| What this task involves |
Below are some records; copy them word for word and drop the pictures.

| Records provided |
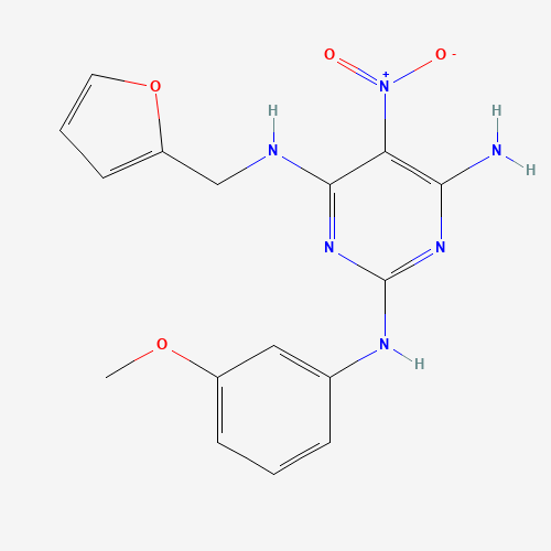 - Name: N4-(2-furanylmethyl)-N2-(3-methoxyphenyl)-5-nitropyrimidine-2,4,6-triamine
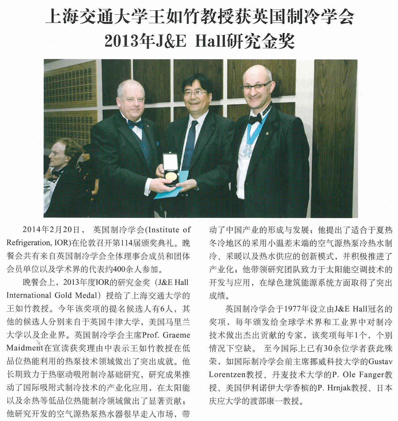 2014年2月20日,英國制冷學(xué)會(Institute of Refrigeration,簡稱IOR) 第114屆頒獎會在倫敦舉辦。英國制冷學(xué)會全體理事會成員、團體會員單位和學(xué)術(shù)界代表等400余人出席了此次會議,會上頒發(fā)了2013年度J&E Hall研究金牌。上海交通大學(xué)機械與動力工程學(xué)院王如竹教授從來自英國牛津大學(xué)、美國馬里蘭大學(xué)和企業(yè)界的6位提名人中脫穎而出,最終獲得此項殊榮。
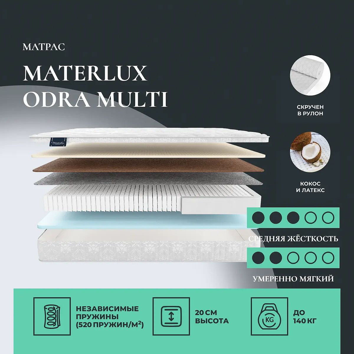 Кокос — натуральный материал, койра отлично дышит, придает матрасу «Odra Multi» жесткость и упругость.
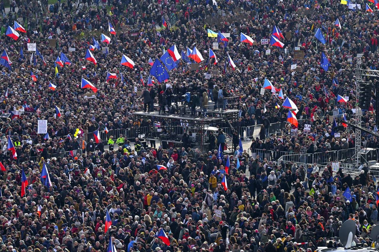 Weitere Kritikpunkte waren die jüngsten Kürzungen bei den Verteidigungsausgaben sowie geplante Änderungen bei der Finanzierung der öffentlich-rechtlichen Medien. Die Veranstalter sprachen von bis zu 250.000 Teilnehmern, die sich in einem großen Park auf der Letna-Ebene hoch über der Moldau versammelten.
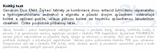 Gaviscon Duo Efekt je volně prodejný léčivý přípravek, který je určen k rychlé a dvojí úlevě od příznaků souvisejících s refluxem žaludeční kyseliny. Primárně se používá na pálení žáhy a zažívací potíže (dyspepsii). Přípravek má unikátní dvojí mechanismus účinku, který zajišťuje rychlou a efektivní úlevu: 1. Vytváří ochrannou bariéru díky alginátu sodnému, který se v žaludku rychle přemění na gelovitou vrstvu, která funguje jako fyzická bariéra a brání zpětnému toku (refluxu) žaludeční kyseliny do jícnu 2. Neutralizuje žaludeční kyselinu - obsahuje také antacida, konkrétně uhličitan vápenatý a hydrogenuhličitan sodný – tyto látky přímo neutralizují nadměrnou žaludeční kyselinu, což vede k okamžitému snížení kyselosti a úlevě od bolesti a nepohodlí Gaviscon Duo Efekt je určen pro dospělé, děti od 12 let a je také považován za bezpečný pro těhotné a kojící ženy, ale vždy je vhodné poradit se s lékařem nebo lékárníkem.

| Your response |
 - Name: N4-(2-furanylmethyl)-N2-(3-methoxyphenyl)-5-nitropyrimidine-2,4,6-triamine
 2014年2月20日,英國制冷學(xué)會(Institute of Refrigeration,簡稱IOR) 第114屆頒獎會在倫敦舉辦。英國制冷學(xué)會全體理事會成員、團體會員單位和學(xué)術(shù)界代表等400余人出席了此次會議,會上頒發(fā)了2013年度J&E Hall研究金牌。上海交通大學(xué)機械與動力工程學(xué)院王如竹教授從來自英國牛津大學(xué)、美國馬里蘭大學(xué)和企業(yè)界的6位提名人中脫穎而出,最終獲得此項殊榮。
 Кокос — натуральный материал, койра отлично дышит, придает матрасу «Odra Multi» жесткость и упругость.
 Weitere Kritikpunkte waren die jüngsten Kürzungen bei den Verteidigungsausgaben sowie geplante Änderungen bei der Finanzierung der öffentlich-rechtlichen Medien. Die Veranstalter sprachen von bis zu 250.000 Teilnehmern, die sich in einem großen Park auf der Letna-Ebene hoch über der Moldau versammelten.
 Gaviscon Duo Efekt je volně prodejný léčivý přípravek, který je určen k rychlé a dvojí úlevě od příznaků souvisejících s refluxem žaludeční kyseliny. Primárně se používá na pálení žáhy a zažívací potíže (dyspepsii). Přípravek má unikátní dvojí mechanismus účinku, který zajišťuje rychlou a efektivní úlevu: 1. Vytváří ochrannou bariéru díky alginátu sodnému, který se v žaludku rychle přemění na gelovitou vrstvu, která funguje jako fyzická bariéra a brání zpětnému toku (refluxu) žaludeční kyseliny do jícnu 2. Neutralizuje žaludeční kyselinu - obsahuje také antacida, konkrétně uhličitan vápenatý a hydrogenuhličitan sodný – tyto látky přímo neutralizují nadměrnou žaludeční kyselinu, což vede k okamžitému snížení kyselosti a úlevě od bolesti a nepohodlí Gaviscon Duo Efekt je určen pro dospělé, děti od 12 let a je také považován za bezpečný pro těhotné a kojící ženy, ale vždy je vhodné poradit se s lékařem nebo lékárníkem.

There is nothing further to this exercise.